Cultural archive is a term associated with social anthropologist Wendy James referencing the repository of knowledge found in everyday interactions that individuals reference to validate their existence in the world. This term was coined during James' research of the Uduk people of Sudan in the 1990's.

The term is most commonly associated with Culture and Imperialism, the 1993 collection of essays by postcolonial theorist Edward Said. The term first appears in reference to Rudyard Kipling's Kim and Said suggests the cultural archive is a major site where investments in imperial conquest are developed. These archives include "narratives, histories, and travel tales." Said emphasizes the role of the Western imperial project in the disruption of cultural archives, and theorizes that disciplines such as comparative literature, English, and anthropology can be directly linked to the concept of empire.
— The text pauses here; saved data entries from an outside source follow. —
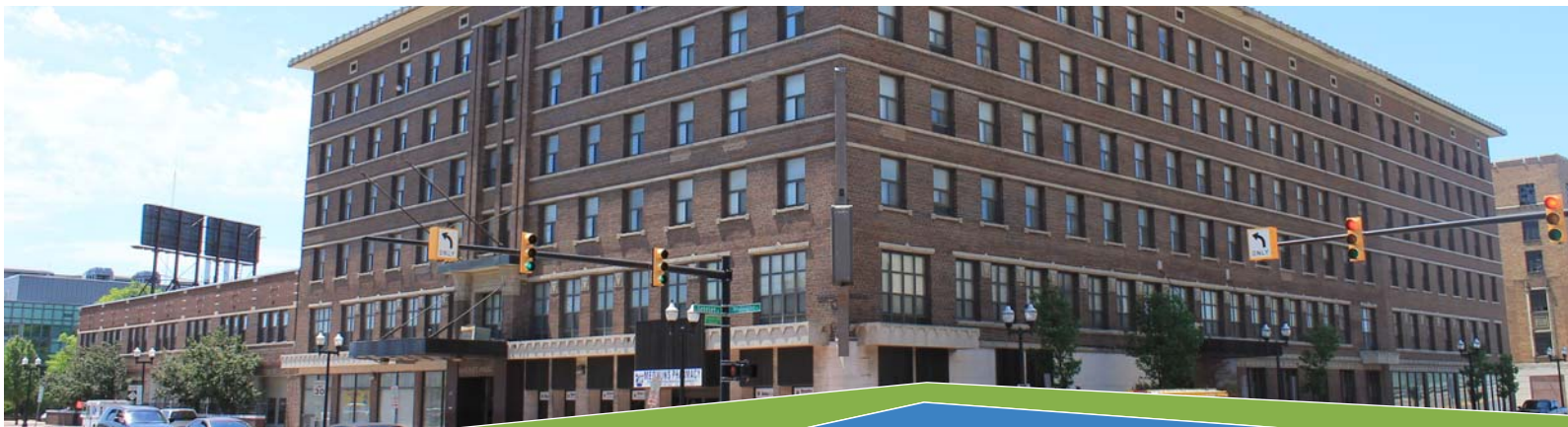
Above - The Bancroft Building is located at 107 S. Washington Ave. in Downtown Saginaw.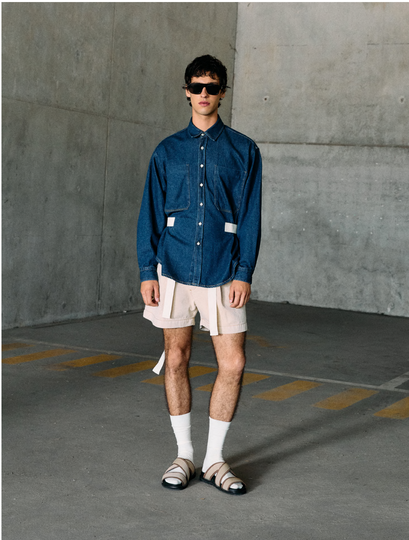
Glasses | DCSS27-GLASSES01 | Black Overshirt | DCSS27-OVERSHIRT-JEANS03 | Dirty Blue Shorts | DCASS27-SHORT-JEANS08 | Beige Sandals | DCSS27-SHOES01 | Beige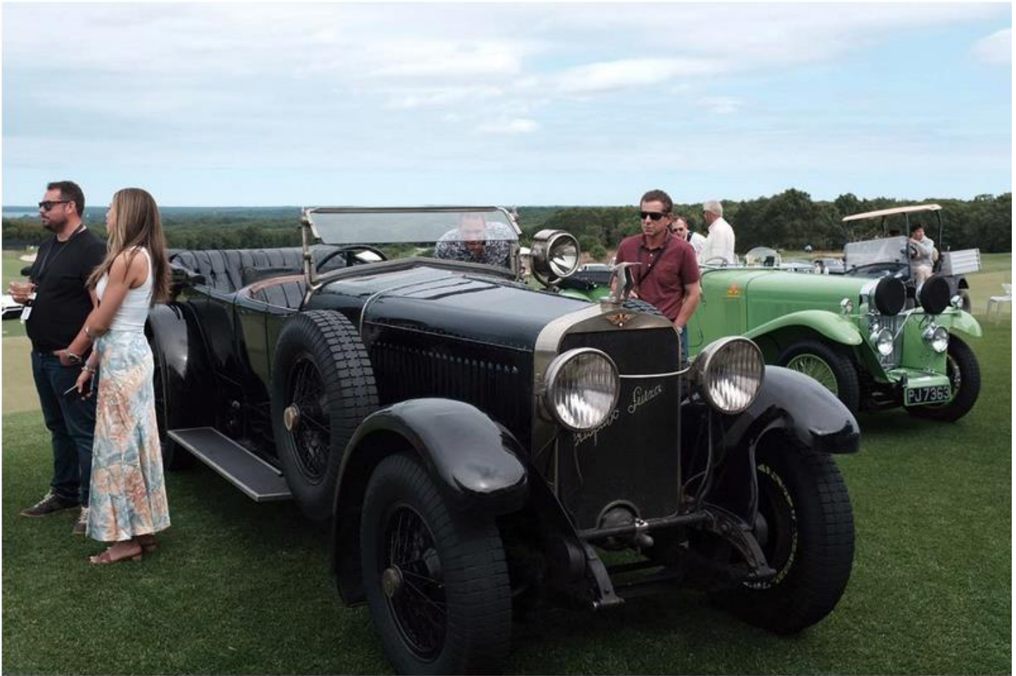
1921 Hispano-Suiza, in original preserved condition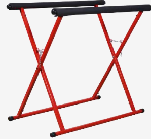
Panel X Stand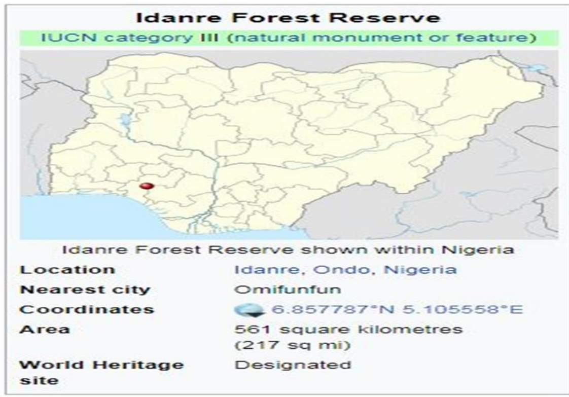
Figure 4: Location Map of Idanre Forest Reserves.

timbering activities taking place in most parts of the forest under government licensing and there is no full conservation of forest in Idanre.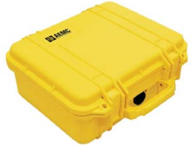
Field Case for use with all models Catalog #2118.98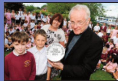
Many schools stories Page 7

To read A&B NEWS on line please visit www.dabnet.org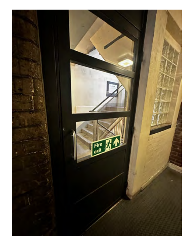
Communal Fire Door at 1-25 Fleetway.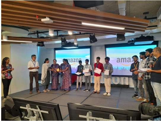
Olcott School team with the prize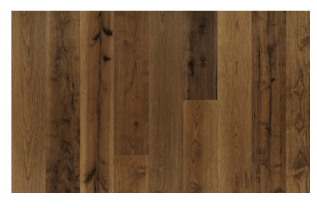
Newbury Hickory AVE95NEWH

Gloria Wekker's 2016 book White Innocence: Paradoxes of Colonialism and Race utilizes a scavenger methodology by "work[ing] with interviews, watching TV and reading novels, analyzing email correspondence..." in order to develop a clear understanding of the Dutch cultural archive. According to Wekker, her book is "guided by the concept of the cultural archive (Said 1993), which foregrounds the centrality of imperialism to Western culture. The cultural archive has influenced historical cultural configurations and current dominant and cherished self-representations and culture. In a general nineteenth-century European framework, Edward Said describes the cultural archive as a storehouse of "a particular knowledge and structures of attitude and reference . . . [and,] in Raymond Williams' seminal phrase, 'structures of feeling.' . . . There was virtual unanimity that subject races should be ruled, that there are subject races, that one race deserves and has consistently earned the right to be considered the race whose main mission is to expand beyond its own domain". (1993, 52, 53) Importantly, what Said is referring to here is that a racial grammar, a deep structure of inequality in thought and affect based on race, was installed in nineteenth-century European imperial populations and that it is from this deep reservoir, the cultural archive, that, among other things, a sense of self has been formed and fabricated". (p. 2)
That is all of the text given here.